--- Supplied records ---

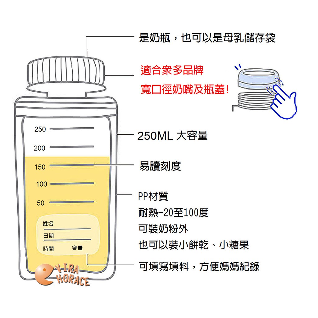 六甲村寬口拋棄式奶瓶補充包250MLx5個(寬口徑拋棄式奶瓶)外出旅行最佳好幫手 HORACE
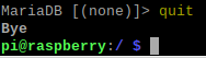 이후 quit 명령어를 넣어 라즈베리파이 쉘로 빠져나옵니다.
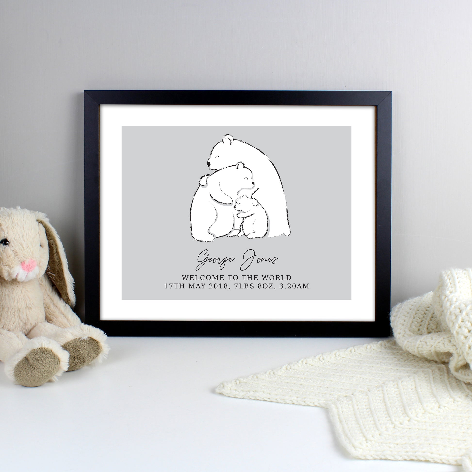 Let people know how much you love your little family, with this personalised framed print, featuring three polar bears.
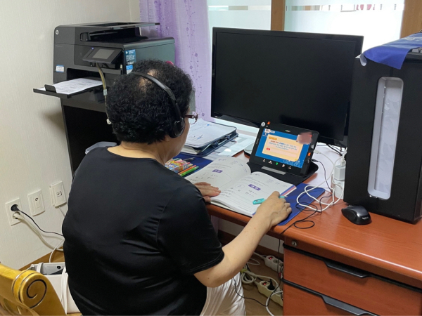 가정에서 1:1 수업을 듣고 있는 프로그램 참가자/아산시 제공
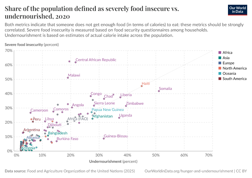 In the chart below we see the correlation between these two metrics: on the y-axis we have the prevalence of severe food insecurity, and on the x-axis we have the prevalence of undernourishment. If these estimates were identical, they’d lie along the diagonal gray line.
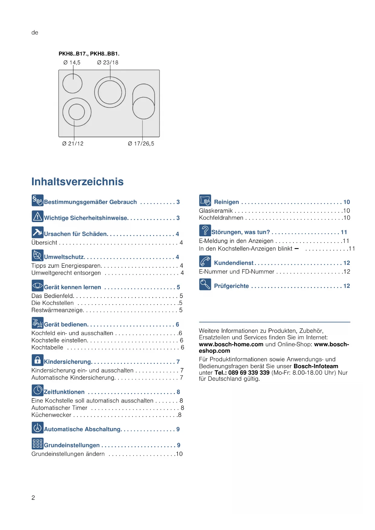 - Gerät kennen lernen . . . . . . . . . . . . . . . . . . . . . . 5 Das Bedienfeld. . . . . . . . . . . . . . . . . . . . . . . . . . . . . . . 5 Die Kochstellen . . . . . . . . . . . . . . . . . . . . . . . . . . . . . .5 Restwärmeanzeige. . . . . . . . . . . . . . . . . . . . . . . . . . . . 5 1 Gerät bedienen. . . . . . . . . . . . . . . . . . . . . . . . . . . 6 Kochfeld ein- und ausschalten . . . . . . . . . . . . . . . . . . .6 Kochstelle einstellen. . . . . . . . . . . . . . . . . . . . . . . . . . . 6 Kochtabelle . . . . . . . . . . . . . . . . . . . . . . . . . . . . . . . . . 6 A Kindersicherung. . . . . . . . . . . . . . . . . . . . . . . . . . 7 Kindersicherung ein- und ausschalten . . . . . . . . . . . . . 7 Automatische Kindersicherung. . . . . . . . . . . . . . . . . . . 7 O Zeitfunktionen . . . . . . . . . . . . . . . . . . . . . . . . . . . 8 Eine Kochstelle soll automatisch ausschalten . . . . . . . 8 Automatischer Timer . . . . . . . . . . . . . . . . . . . . . . . . . . 8 Küchenwecker . . . . . . . . . . . . . . . . . . . . . . . . . . . . . . .8 b Automatische Abschaltung. . . . . . . . . . . . . . . . . 9 Q Grundeinstellungen . . . . . . . . . . . . . . . . . . . . . . . 9 Grundeinstellungen ändern . . . . . . . . . . . . . . . . . . . .10 D Reinigen . . . . . . . . . . . . . . . . . . . . . . . . . . . . . . . 10 Glaskeramik . . . . . . . . . . . . . . . . . . . . . . . . . . . . . . . .10 Kochfeldrahmen . . . . . . . . . . . . . . . . . . . . . . . . . . . . .10 3 Störungen, was tun? . . . . . . . . . . . . . . . . . . . . . 11 E-Meldung in den Anzeigen . . . . . . . . . . . . . . . . . . . .11 In den Kochstellen-Anzeigen blinkt A . . . . . . . . . . . . .11 4 Kundendienst . . . . . . . . . . . . . . . . . . . . . . . . . . . 12 E-Nummer und FD-Nummer . . . . . . . . . . . . . . . . . . . .12 E Prüfgerichte . . . . . . . . . . . . . . . . . . . . . . . . . . . . 12 Produktinfo Weitere Informationen zu Produkten, Zubehör, Ersatzteilen und Services finden Sie im Internet: www.bosch-home.com und Online-Shop: www.bosch- eshop.com Für Produktinformationen sowie Anwendungs- und Bedienungsfragen berät Sie unser Bosch-Infoteam unter Tel.: 089 69 339 339 (Mo-Fr: 8.00-18.00 Uhr) Nur für Deutschland gültig. 3.+%3.+%%
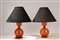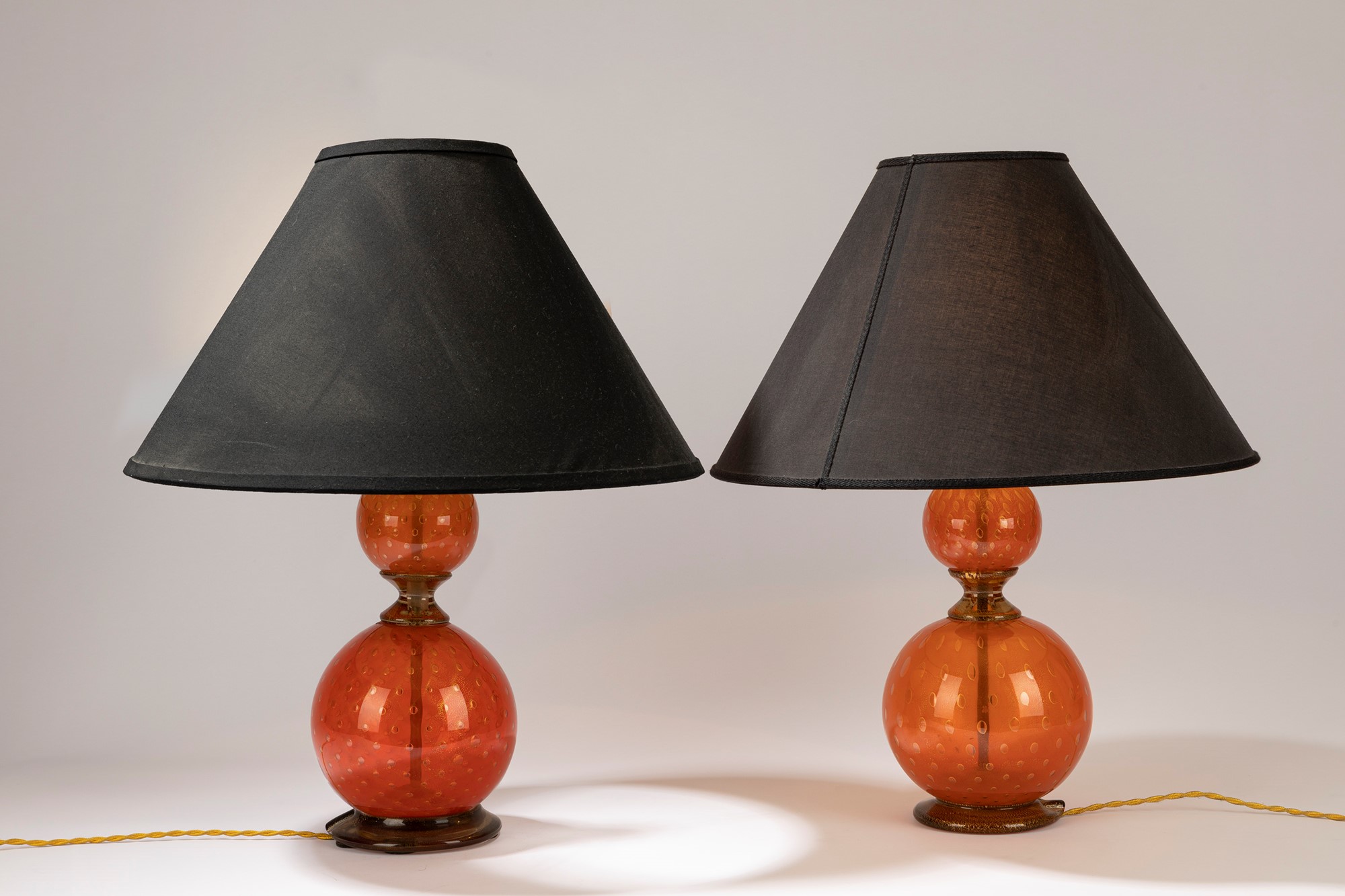 Manifattura Italiana - Coppia di lampade da tavolodm cm 46, H cm 55 in vetro soffiato arancio.

---

▶ _Work to complete_:
Only the lines from the start of the records through the line containing "In the chart" should be repeated, word for word, with the pictures left out.

▶ _Output_:
 六甲村寬口拋棄式奶瓶補充包250MLx5個(寬口徑拋棄式奶瓶)外出旅行最佳好幫手 HORACE
 이후 quit 명령어를 넣어 라즈베리파이 쉘로 빠져나옵니다.
 Let people know how much you love your little family, with this personalised framed print, featuring three polar bears.
 가정에서 1:1 수업을 듣고 있는 프로그램 참가자/아산시 제공
 In the chart below we see the correlation between these two metrics: on the y-axis we have the prevalence of severe food insecurity, and on the x-axis we have the prevalence of undernourishment. If these estimates were identical, they’d lie along the diagonal gray line.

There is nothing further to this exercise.